Come late in the afternoon or during sunset when the golden pavilion reflects the sunlight.
Be prepared for hordes of people and food/merchandise stalls – one of the most commercial temples in Kyoto.

Opening Hours:
Daily: 9am-5pm
Hirano-Jinja Shrine

7) Hirano-Jinja Shrine (must see)

The Hirano Shrine is located to the south of the Golden Pavilion in Kyoto. It is a Shinto shrine well known for its gardens and trees and is particularly popular during Hanami or the Cherry Blossom viewing season.

The Hirano Shrine was established in 794 by Emperor Kammu. The shrine received patronage from the imperial family and was often visited by them. It was also a popular place of worship among the Genji nobles and the Heike Samurai lords. In 1871, it was declared a Kanpei-taisha or a temple that was among those of the first rank of government supported shrines.

The Hirano Shrine is the venue of many festivals. The most important one is the Cherry Blossom festival held since 985. The celebrations began during the reign of Emperor Kazan. It is the oldest continuing celebration in the city. The celebrations begin every April with a ceremony in front of the mausoleum of Emperor Kazan and continue for a whole week. At this time a number of stalls are erected selling snacks and beer. Traditional games in honor of the Hirano no Yazakura are held here. The present buildings of the Hirano shrine date back to the 17th century and are all designated Important Cultural Properties.

Why You Should Visit:
To enjoy amazing views of Sakura (there are 60 kinds of cherry blossoms in this shrine!) together with diverse choices of food.
While you need to pay a fee for most places in Kyoto for the night illumination of the cherry blossoms, this place is free.
Many local people are having their Hanami parties here, so it's a good opportunity to experience the local culture.

Opening Hours:
Daily: 6am-5pm
Illumination 2018: Mar 25-Apr 20, until 9pm
Kitano Tenmangu Shrine

8) Kitano Tenmangu Shrine

The Kitano Tenmangu Shrine was built to appease the wrath of Sugawara Michizane a scholar and politician who was wrongfully exiled from Kyoto to Kyushu. It is dedicated to Tenjin the Shinto God of learning and is the place of worship for those who pray for success in exams.
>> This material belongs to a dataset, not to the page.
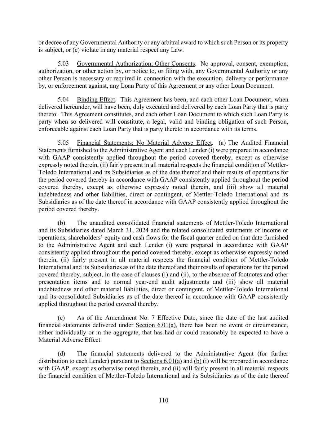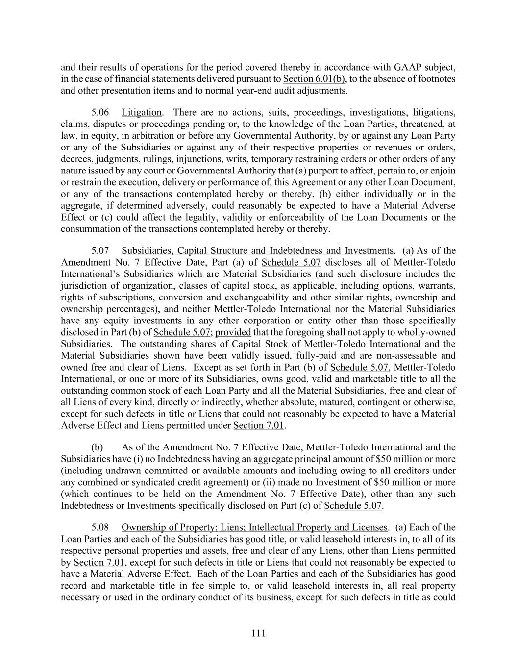 111 and their results of operations for the period covered thereby in accordance with GAAP subject, in the case of financial statements delivered pursuant to Section 6.01(b), to the absence of footnotes and other presentation items and to normal year-end audit adjustments. 5.06 Litigation. There are no actions, suits, proceedings, investigations, litigations, claims, disputes or proceedings pending or, to the knowledge of the Loan Parties, threatened, at law, in equity, in arbitration or before any Governmental Authority, by or against any Loan Party or any of the Subsidiaries or against any of their respective properties or revenues or orders, decrees, judgments, rulings, injunctions, writs, temporary restraining orders or other orders of any nature issued by any court or Governmental Authority that (a) purport to affect, pertain to, or enjoin or restrain the execution, delivery or performance of, this Agreement or any other Loan Document, or any of the transactions contemplated hereby or thereby, (b) either individually or in the aggregate, if determined adversely, could reasonably be expected to have a Material Adverse Effect or (c) could affect the legality, validity or enforceability of the Loan Documents or the consummation of the transactions contemplated hereby or thereby. 5.07 Subsidiaries, Capital Structure and Indebtedness and Investments. (a) As of the Amendment No. 7 Effective Date, Part (a) of Schedule 5.07 discloses all of Mettler-Toledo International’s Subsidiaries which are Material Subsidiaries (and such disclosure includes the jurisdiction of organization, classes of capital stock, as applicable, including options, warrants, rights of subscriptions, conversion and exchangeability and other similar rights, ownership and ownership percentages), and neither Mettler-Toledo International nor the Material Subsidiaries have any equity investments in any other corporation or entity other than those specifically disclosed in Part (b) of Schedule 5.07; provided that the foregoing shall not apply to wholly-owned Subsidiaries. The outstanding shares of Capital Stock of Mettler-Toledo International and the Material Subsidiaries shown have been validly issued, fully-paid and are non-assessable and owned free and clear of Liens. Except as set forth in Part (b) of Schedule 5.07, Mettler-Toledo International, or one or more of its Subsidiaries, owns good, valid and marketable title to all the outstanding common stock of each Loan Party and all the Material Subsidiaries, free and clear of all Liens of every kind, directly or indirectly, whether absolute, matured, contingent or otherwise, except for such defects in title or Liens that could not reasonably be expected to have a Material Adverse Effect and Liens permitted under Section 7.01. (b) As of the Amendment No. 7 Effective Date, Mettler-Toledo International and the Subsidiaries have (i) no Indebtedness having an aggregate principal amount of $50 million or more (including undrawn committed or available amounts and including owing to all creditors under any combined or syndicated credit agreement) or (ii) made no Investment of $50 million or more (which continues to be held on the Amendment No. 7 Effective Date), other than any such Indebtedness or Investments specifically disclosed on Part (c) of Schedule 5.07. 5.08 Ownership of Property; Liens; Intellectual Property and Licenses. (a) Each of the Loan Parties and each of the Subsidiaries has good title, or valid leasehold interests in, to all of its respective personal properties and assets, free and clear of any Liens, other than Liens permitted by Section 7.01, except for such defects in title or Liens that could not reasonably be expected to have a Material Adverse Effect. Each of the Loan Parties and each of the Subsidiaries has good record and marketable title in fee simple to, or valid leasehold interests in, all real property necessary or used in the ordinary conduct of its business, except for such defects in title as could
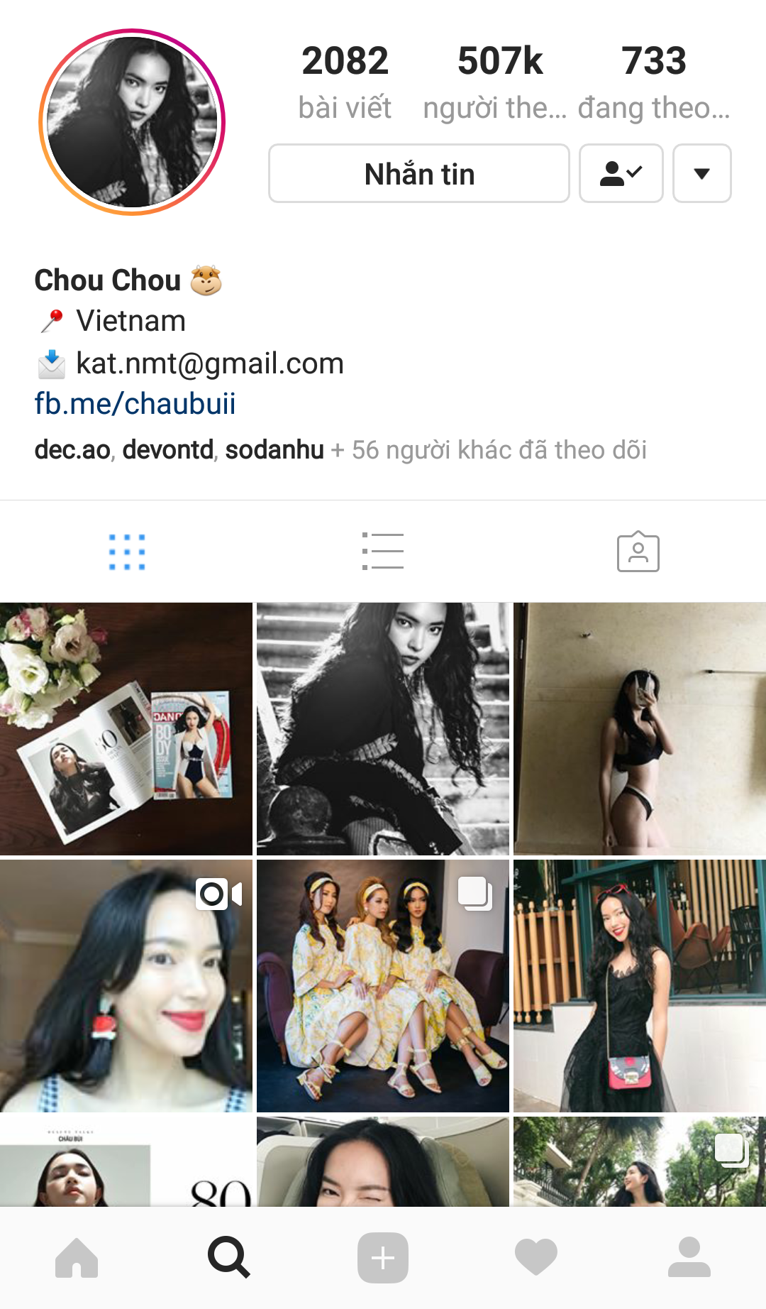 Châu Bùi cập nhật hình ảnh rất thường xuyên nhưng chỉ “lẻ bóng một mình”.

The Kitano Tenmangu Shrine was built in 947 and enlarged in 959. It is one of the popular shrines among the emperors, shoguns and the common people through the ages. The main Honden or Main Hall was built in 1607 by Toyotomi Hideyori. The central gate is called the Sankomon or the gate of the Three Luminaries. This is because it is covered with sculptures of the sun, moon and stars. All the buildings have been designated as Important Cultural properties and are regarded as the finest examples of Momoyama architecture.
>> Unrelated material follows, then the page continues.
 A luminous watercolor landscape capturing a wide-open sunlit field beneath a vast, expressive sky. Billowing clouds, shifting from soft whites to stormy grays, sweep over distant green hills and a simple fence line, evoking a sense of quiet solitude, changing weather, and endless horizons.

The grounds of the Kitano Tenmangu Shrine have over 2000 plum trees that were particular favorites of Sugawara Michizane. They bloom between February and March and a festival called Baikasai is celebrated and attended by Geikos and Maikos who perform tea ceremonies for visitors to the shrine. It is also popular for a flea market held on the 25th of every month. The market sells affordable arts and crafts, ceramics, calligraphy tools and souvenirs for visitors to take back as mementoes of their visit to Japan.
Toji-in Temple

9) Toji-in Temple (must see)

Dating back to 1341, the Toji-in Temple is a rather small religious site, unlike the neighboring Kinkaku-ji. The Hojo (main hall) and adjoining Reikoden (Hall of Sacred Light) are wonderful and worth exploring for the treasures they contain; however, the main attraction is the garden. The first one you will see is centered on Shinji-ike Pond, which is shaped like the kanji (Chinese character) for heart or mind. The western section of the garden is built around a pond shaped like a lotus flower.
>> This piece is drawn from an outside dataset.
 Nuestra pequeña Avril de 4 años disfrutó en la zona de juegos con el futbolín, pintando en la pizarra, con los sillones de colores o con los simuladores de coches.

Overlooking the Shinji-ike is the Seirentei teahouse, which dates back to 1457. The teahouse is a classic example of the wabi-sabi ideal of rustic simplicity that defines tea ceremony aesthetics.

This Ashikaga Shogun family temple should not be confused with the famous Toji Temple located in central Kyoto.

Why You Should Visit:
Not a dry Zen garden, but the compositions are pretty much perfect.
Balance, layers, scale, colors: somebody got everything just right here.
Almost completely ignored by tourists, you can enjoy the quiet atmosphere.